The demo has some things “broken”, e.g. the Temperature control dial

Also in “Scripts” it says “Code in 4 languages”. We should add Blockly and Ruby in there too. When that is clicked, only Rules DSL button seems to work. The others don’t seem to be doing anything.

When clicking into Map, Charts or Temperatures button, there’s no “obvious” way to get out of that to get back to the main screen.

This is clearly one of the balls I’ve dropped.

Thank you for going through the demo to find some of the stuff that doesn’t work. We should have a fully functional demo config.

Your listing of the “Code in 4 languages” made me realize that we need to be careful that we don’t open up ways for someone to attack our demo server through the demo app. I wonder if it’s possible to disable executeCommandLine.
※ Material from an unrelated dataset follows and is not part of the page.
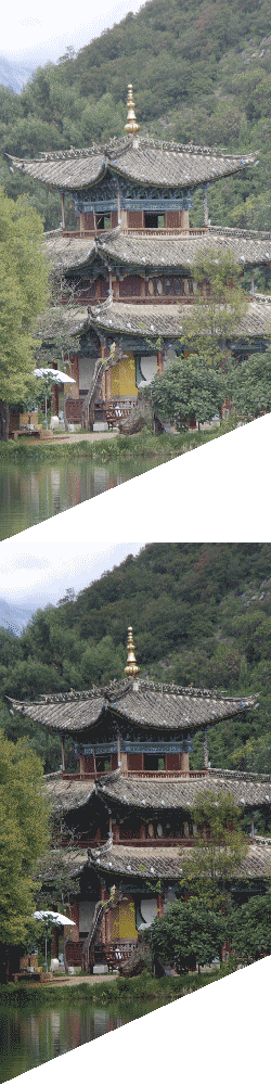 Nous avons ensuite visité un intéressant palais (sorte de Cité interdite en miniature), le palais des Mou (木), qui paradoxalement était presque désert. Il n’était d’ailleurs pas au programme de notre voyage, nous en avons donc payé l’entrée. ![]() ![]() La colline qui surplombe le palais des Mou offre de très intéressantes vues sur Li-kiang, tant sur la partie ancienne que sur la ville nouvelle. ![]() En soirée, le programme incluait un concert de musique traditionnelle na-si. Bien que notre guide Philippe ait dit pis que pendre de cette prestation, je l’ai trouvée assez intéressante. Les musiciens étaient tous très âgés (en dehors de deux jeunes chanteuses), Joey nous a expliqué que (bien malheureusement) les jeunes ne s’intéressaient plus du tout à cette musique ancestrale. Ici et comme (presque) partout, il n’y a plus que le boumboum américain qui compte. ![]() Petite vidéo avec des extraits du concert (je reconnais que pour nos oreilles occidentales c’est un peu âpre…). Le lendemain nous attendait un long et pénible trajet en véhicule, dans un pays très accidenté, afin de rejoindre les berges du lac Loukou (泸沽湖, Lugu). Nous avons en particulier franchi plusieurs cols, dont l’un à plus de 3 000 m d’altitude. La première partie du trajet à consisté à rejoindre la vallée du fleuve Yang-Tsé (扬子江, 揚子江, Yangzi Jiang) que nous avons traversée par un pont. La descente dans la vallée a nécessité de parcourir de nombreux lacets. Comme on peut le voir la météo laissait aussi fortement à désirer. ![]() Nous nous sommes ensuite arrêtés dans la ville de Ning-leang (宁蒗彝族自治县, Ningliang) pour en visiter le marché. Une localité restée à l’écart de la modernité, les conditions d’hygiène du marché étaient davantage celles d’un pays du tiers-monde. Mes compagnons de voyage (en particulier la gent féminine) ont également pu y tester les toilettes publiques à la chinoise, certes non mixtes mais sans cabines individuelles, à la manière des latrines romaines. L’arrivée d’une occidentale en un tel endroit provoque paraît-il immédiatement un attroupement de Chinoises pour lesquelles cela semble constituer la distraction du jour. Juste avant le lac Loukou, il y avait donc ce fameux col à 3000, dans une terre argileuse et sous une végétation de résineux. Quelque semaines auparavant, un éboulement avait provoqué l’interruption de la route, forçant le groupe Allibert qui nous avait précédé à franchir le col à pied en portant les bagages ! Heureusement les Chinois travaillent vite, la déviation était déjà praticable bien que non terminée. Le lac Loukou (altitude : 2 685 m), aux eaux calmes et aux reflets photogéniques, était avec Li-kiang le plus bel endroit du voyage, le plus beau site naturel en tout cas. Et ô miracle, le temps s’est dégagé dans la soirée (ce qui malheureusement ne devait pas durer).

The ability to create/save rules/scripts and Things/Channels need to be disabled - with a message popup saying “Disabled for security reasons”. We probably still want to let people go into blockly and play with it, just not save it. Even blockly allows entering arbitrary js code. I don’t know about JS, but in Ruby there are many ways to execute a shell command.

I don’t think JS has that much access to the command line. GraalVM gives a node like environment but not a full node.js and many things like that and making http calls are not supported.

Ruby has ultimate power to do everything: download and install any gem from any source, and execute code. This means it can do anything, from HTTP access, to running DOS attacks against external targets, if the internet is open. So definitely do not let people save their script.

Even JS can be used to do silly things like a forever loop or infinite recursion.